彼の純粋な創造への衝動から、未だ進化するポップミュージックの可能性を示し、愛と勇気を届ける普遍的な音楽となっている。

音楽の記憶が導く「独創性」と「普遍性」──猪野秀史のニューアルバム『MEMORIES』

本気の音楽ファンの心を掴む「怪作」。

結論を先に言おう。猪野秀史のニューアルバム『MEMORIES』は、音楽によって魂が震えるような体験をしたことがあり、また、そうした体験を求めてフレッシュな音楽を今日も探し続けている本気(「ガチ」とルビを振りたい)の音楽ファンの心を必ずや掴むであろう「怪作」である。
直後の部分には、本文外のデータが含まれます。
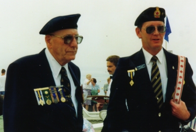 Hank Turner was in the Raid on August 19, 1942. He was one of the few to get back to England. Hank was a driving force for many years, in the South Saskatchewan Regiment Assn., at Weyburn, SK. For the last several years of his active involvement with the Association, he was the Secretary-Treasurer. Hank is pictured with his son, George, who accompanied his father on SSR Tour ’92.
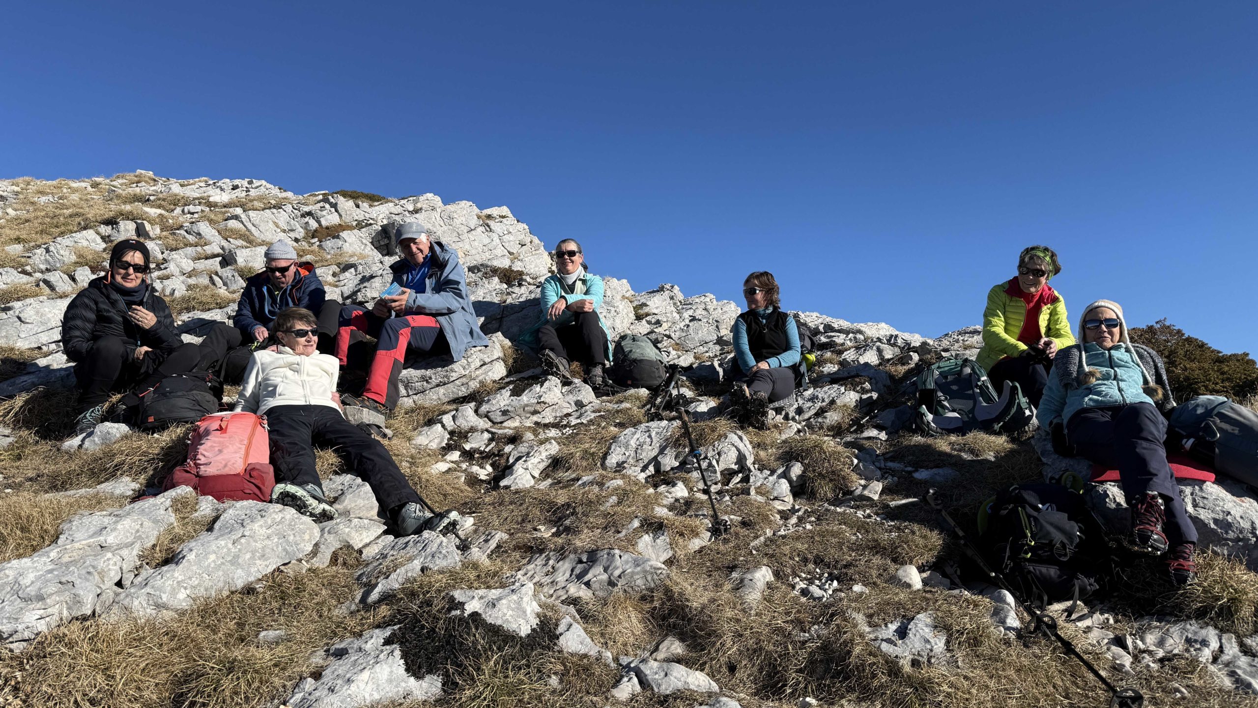 On termine l’ascension du Pic St Michel où l’unanimité se fait sur le lieu de picnic après que Brigitte, experte en voile de parapente eut assisté une parapentiste dans l’ultime gonflage de sa voile avant le grand saut, et tout s’est bien passé. Repas au soleil avec lézardage de rigueur, le changement climatique a aussi des côtés plaisant il faut le reconnaitre. Partage de douceurs de saison.

猪野秀史といえば、マイケル・ジャクソンの「Bille Jean」、ジャクソン5の「Never Can Say Goodbye」、ユセフ・ラティーフの「Spartacus」といった名曲たちをフェンダーローズの鈍く輝く音色を生かしてカバーしたインスト集『SATISFACTION』を2006年にリリースして以来、都会的でありながらもノスタルジックな独特のリリシズムを帯びたサウンドをつぐむキーボディストとして注目を集めた。以降、鈴木茂、小西康陽、藤原ヒロシ、大沢伸一といった様々な個性を持ったミュージシャンとの共演を果たすなどし、いわゆる「ミュージシャンズミュージシャン」としてコアな音楽ファンの間でその名を知られる存在だ。また、2018年リリースの6thアルバム『SONG BOOK』以降の作品ではヴォーカル曲を中心にし、より洗練されたムードのなか、要所要所に実験的なアレンジを加えた「ポストモダンAOR」とでも呼びたくなるハイセンスな楽曲を発表し続け、その秀逸な音楽性を周知のものとしている。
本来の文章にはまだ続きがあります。